Police investigating the burglary found Christina Carlin-Kraft's body Wednesday night after recovering some of her stolen goods in Southwest Philadelphia and going to her Ardmore apartment, the source said.

The source said Carlin-Kraft reported a burglary at her apartment Saturday morning after a night out in Center City. She told investigators she took a ride-share to dinner at the Sofitel hotel on Friday night, but couldn't remember how she returned home, according to the source.

Surveillance video from her building shows Carlin-Kraft returning early Saturday, propped up by a man police subsequently identified during the burglary investigation. That man is seen later that morning leaving the building with bags believed to be filled with Carlin-Kraft's belongings.

On Wednesday, Philadelphia police helped Lower Merion officers serve a search warrant at the man's home in the 6500 block of Theodore Street in Southwest Philadelphia's Elmwood section, the source said.

There, they took another man and a woman into custody for narcotics possession, and discovered items reported missing by Carlin-Kraft, including designer purses, jewelry, and a Gucci belt, the source said.

They also found evidence that the credit cards Carlin-Kraft had reported stolen in the burglary had been used in Philadelphia and Delaware County by people at the Theodore Street address.

Investigators went to the Ardmore apartment Wednesday evening to speak with Carlin-Kraft, only to find her dead. An autopsy determined she had died from "ligature strangulation," meaning the killer used some type of cord.

Other surveillance footage shows the suspect entering the Ardmore apartment with Carlin-Kraft on Wednesday, but does not show him leaving, the source said. It's possible that he jumped from the balcony of Carlin-Kraft's second-floor apartment at the Cambridge Square building on Sibley Avenue.

In announcing the slaying Thursday, officials said area residents had no apparent reason to be concerned for their safety.

In her profile on Model Mayhem, a website for professional models and photographers, Carlin-Kraft listed New York as her home and said her credits included photo shoots for David Yurman, Vanity Fair, Victoria's Secret, Playboy, Maxim, and QVC.

"I really do enjoy photoshoots for swim wear and tastefull lingerie," she wrote.

Stuart Kraft of Egg Harbor Township, N.J., Carlin-Kraft's father, declined to speak with a reporter Friday morning.

Another relative, who asked that her name be withheld as the family mourns, said Carlin-Kraft had "a beautiful heart and made everyone laugh."

Her presence lit up a room, the woman said, and her stunning features always turned heads.

"She was just a good person," she said. "And our family misses her dearly."

Carlin-Kraft grew up in Northfield, Atlantic County.
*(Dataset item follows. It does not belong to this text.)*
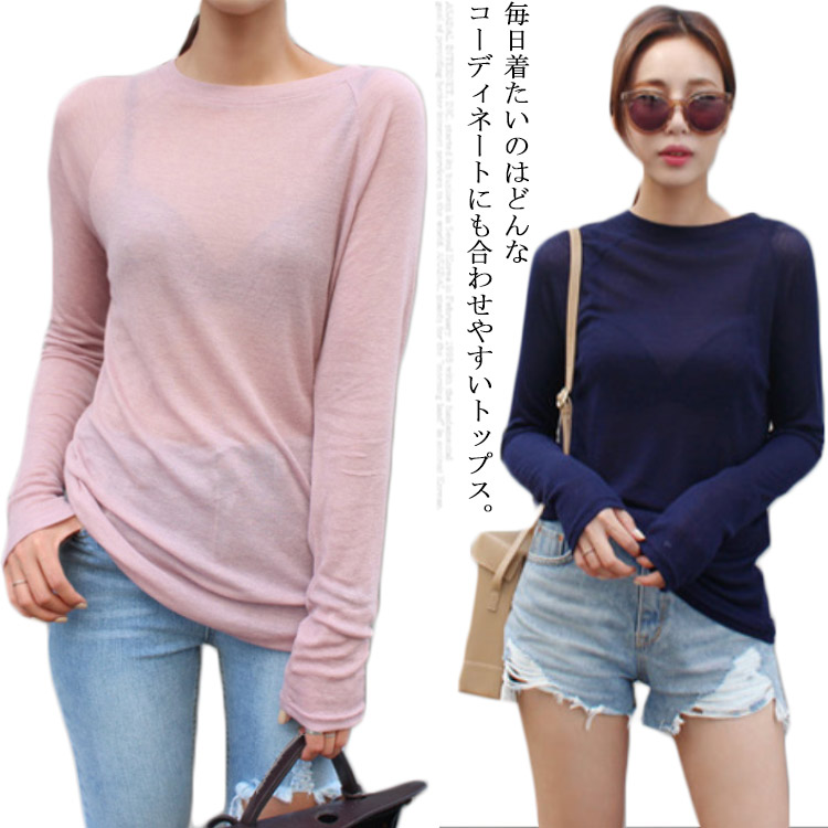 シャツ カットソー ロング丈 長袖 インナー お洒落 無地 韓国風 キレイめ シンプル カジュアル 普段着 クルーネック 薄手 レディース

Aside from her modeling career, she occasionally worked as a interior designer.

She had told her family she enjoyed her neighborhood in Ardmore and felt safe there.

"This is just completely unexpected," the relative said. "We never thought this could happen."

A longtime friend of the victim's said Friday that Carlin-Kraft had been living in the apartment for the better part of a year.

The unit is owned by Carlin-Kraft's boyfriend, a Wall Street banker who grew up in Wynnewood, said the friend, who asked not to be identified. The couple had been together for about nine years, having met while Carlin-Kraft worked as a waitress at the Borgata in Atlantic City.

"She was just delightful, the sweetest person," the friend said. "The whole thing is just shocking."

The friend, who works as a contractor, had often visited the apartment to help fix minor issues.

Crime-scene tape still cordoned off a grassy stretch adjacent to the building Friday morning.

In 2016, Carlin-Kraft found herself in the gossip pages following an altercation at a Manhattan restaurant.

According to the New York Post, she was charged with hitting a waiter at an Upper West Side restaurant in a dispute over the bill. Prosecutors dismissed misdemeanor charges of assault, attempted assault, and harassment on the condition that she stay out of trouble for six months.

"She was a nice person, and I'm not just speaking good of the dead," said Dan Ollen, the lawyer who represented Carlin-Kraft in the assault case.